SilverC

Dr. W's Space Travels
2021-10-26 21:25:47 (UTC)

Space Cadet Roasts Teenage Space Cadet

Dr. Wood LXXXII

Wow, October’s almost done. For a moment, I thought maybe September was coming to a close. Nah, it’s October. I fear I might go crazy from how quickly time’s fleeted by. Kinda like that time ten years ago where I came to terms with the fact that nothing lasts forever. I seem to allude to that instance in my life quite often. It’s something I always need to remind myself of, because if I’m not conscious about the constant flow of time, I’ll be convinced that there’s an infinite supply of it. At the same time, I don’t wanna panic over the fact that it’s not infinite, either. I keep telling myself to enjoy each day thoroughly and – how does Mark Twain put it again – give each day the chance to be the most beautiful day of my life. I think my weekend with the family doing the breast cancer walk and hanging out with each other was a good way to do that. But fudge, that wasn’t even last weekend… that was the weekend before! Where did this past weekend go to? Life is short when you’re addicted to Valorant.

I’m actually not so much addicted to Valorant as I am to the delicious wisps of dopamine I get from executing sick plays. They don’t happen incredibly often, and perhaps for that reason I’m always craving them. I never pinned myself as the type of person that would get competitive with FPS games. But the competitive spirit within me has awakened. And I’m not entirely sure that’s a good thing. I’m getting more frustrated when I don’t perform to the level that I think I should be at. It’s so funny – only weeks ago was I leaping out of my seat for getting more than two frags. Now ten frags is like a mediocre day for me. The hedonic treadmill applies to more than just happiness, I suppose. I really charge myself with living up to the reputation of yesterday’s “me”. And not only has this been happening with Valorant… but with Skullgirls too! I’ve definitely improved on both games, and I think I’m especially good at Skullgirls. Maybe high B-tier? I still get my booty blasted in certain online matches, though. I have to remind myself that these people put in insane amounts of hours to refine their trade – the same hours that I chose to spend on other things. So it’s not fair for me to whine about getting crushed in games that my opponents have devoted much of their finite lives to. It only makes sense.

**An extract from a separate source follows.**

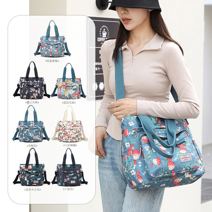 時尚印花女包尼龍布防潑水單肩包大容量斜後背包 可攜式帆布手提包

I think I’ve figured out part of my problem, generally speaking – I have very high self-esteem. I do think rather highly of myself, as haughty as that sounds. It’s to a fault, of course – it leads me to be very hard on myself when I make errors at work, or can’t compete in games to the capacity that I want to. If I’m denied the compliments that I think I should get for something I did, I feel bothered. By the way, this is all pretty raw emotion here. I can cognitively understand the folly in such feelings, and I’m able to hide it under humility sanctioned by logic. If someone outperforms me in something, I have no problems voicing my congratulations to them and commending them for how well they did. I like to lift others up, and I will do so even when I’m not doing too hot myself. Maybe it’s because I know how it feels to be put in the spotlight – words of affirmation is my love language, after all. But then again, I also know that making it a value to praise others also gives me the reputation of being humble, kind and selfless. Those traits come pretty natural to me, but I still have a base desire to impress people. I love being praised. Even when I do that stupid thing where I’m like “aw, nahh, I’m not that great at *blank*”, in my head I’m like “yusss FEED ME MORE COMPLIMENTS!” It makes me wonder if I’ll ever be at a point where I think I’m so cool that I no longer have to prove my coolness. Yeah, it’s a ridiculously dumb thing to pay so much heed to. No one thinks about me as much as I think about me. It goes for when I do both cool things and negative things. Errors at work? No one has lost an ounce of sleep from them. Neat plays in Valorant? Nah, no one’s touching themselves while thinking of that one four-piece I did. I get though that little things like work errors or good plays, in large quantities, can build a reputation, be it good or bad. And maybe that’s the thing I’m striving for – a reputation where I’m a cool person.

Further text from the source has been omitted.